Single by Chappell Roan
- B-side: "Fix It in the Morning" (demo)
- Released: March 13, 2025
- Recorded: 2024
- Genre: Country; country pop;
- Length: 3:22
- Label: Amusement; Island;
- Songwriters: Chappell Roan; Dan Nigro;
- Producer: Dan Nigro

Chappell Roan singles chronology
| "Good Luck, Babe!" (2024) | "The Giver" (2025) | "The Subway" (2025) |

Lyric video
- "The Giver" on YouTube

= The Giver (song) =

2025 single by Chappell Roan

"The Giver" is a song by American singer-songwriter Chappell Roan. It was released as a single through Amusement and Island Records on March 13, 2025. It is her first song in the country music genre.
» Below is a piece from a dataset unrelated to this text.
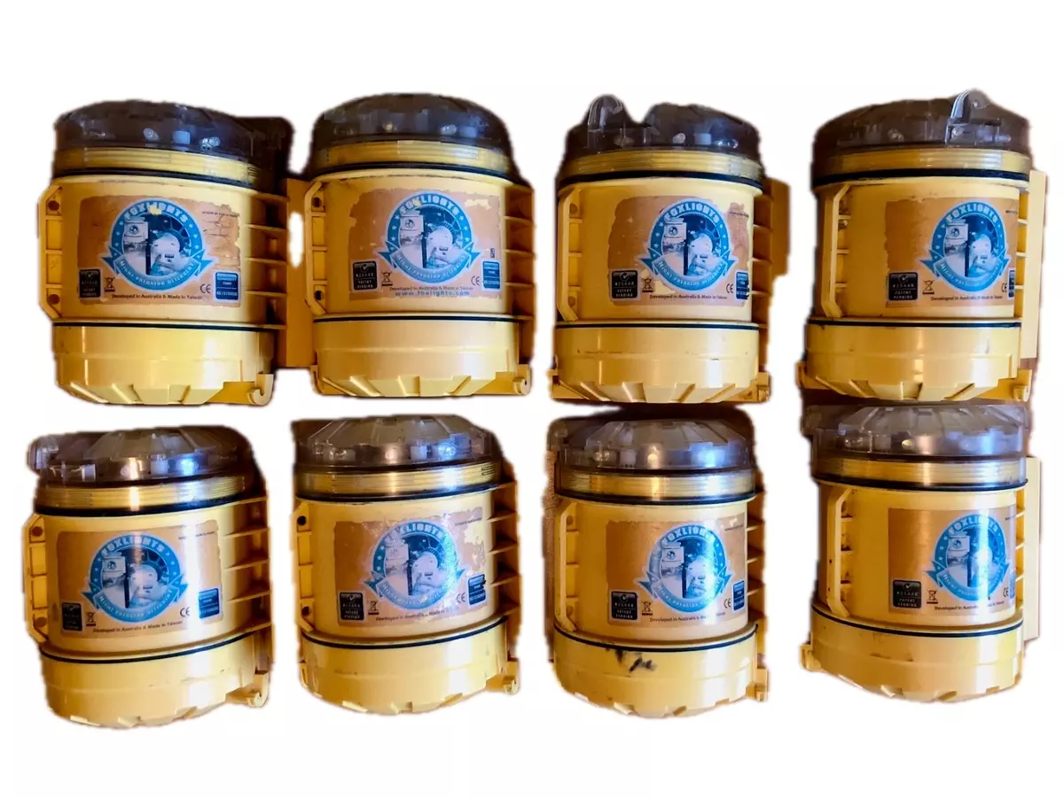 Lot of 8 used 8 FoxLights night predator deterrent control flashing LED weatherproof, T-post mount. All units have been tested and function properly.

"The Giver" was first performed live during her debut appearance as a musical guest on Saturday Night Live (SNL) on November 2, 2024. In the months leading up to the song's release, Roan teased the track through billboards seen across the United States. On March 13, Roan also released an infomercial-style lyric video for the song, conceptualized by her creative director Ramisha Sattar.
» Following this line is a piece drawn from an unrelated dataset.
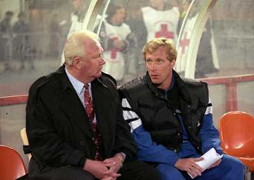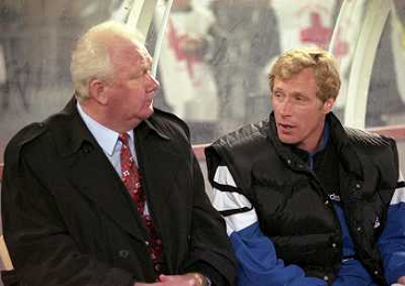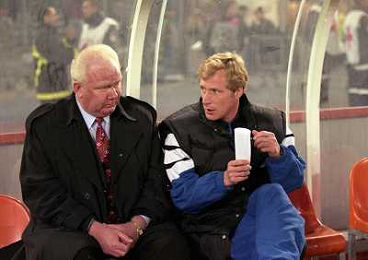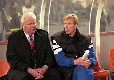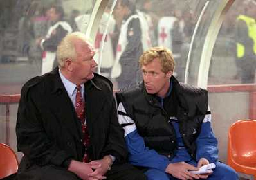 TORINO 04-03-1998 COPPA CAMPIONI JUVENTUS DINAMO KIEV NELLA FOTO Valeriy Lobanovskyi CON OLEKSIJ MIKHAILICHENKO AG ALDO LIVERANI SAS

Written by Roan and producer Dan Nigro, the song features traditional country instrumentation, including a fiddle, while parodying conventional country lyrical norms by candidly talking about lesbian intimacy. Although Roan named "Save a Horse (Ride a Cowboy)" by Big & Rich and "Chattahoochee" by Alan Jackson as influences for the song, various music critics compared "The Giver" to the music of the Chicks and Shania Twain.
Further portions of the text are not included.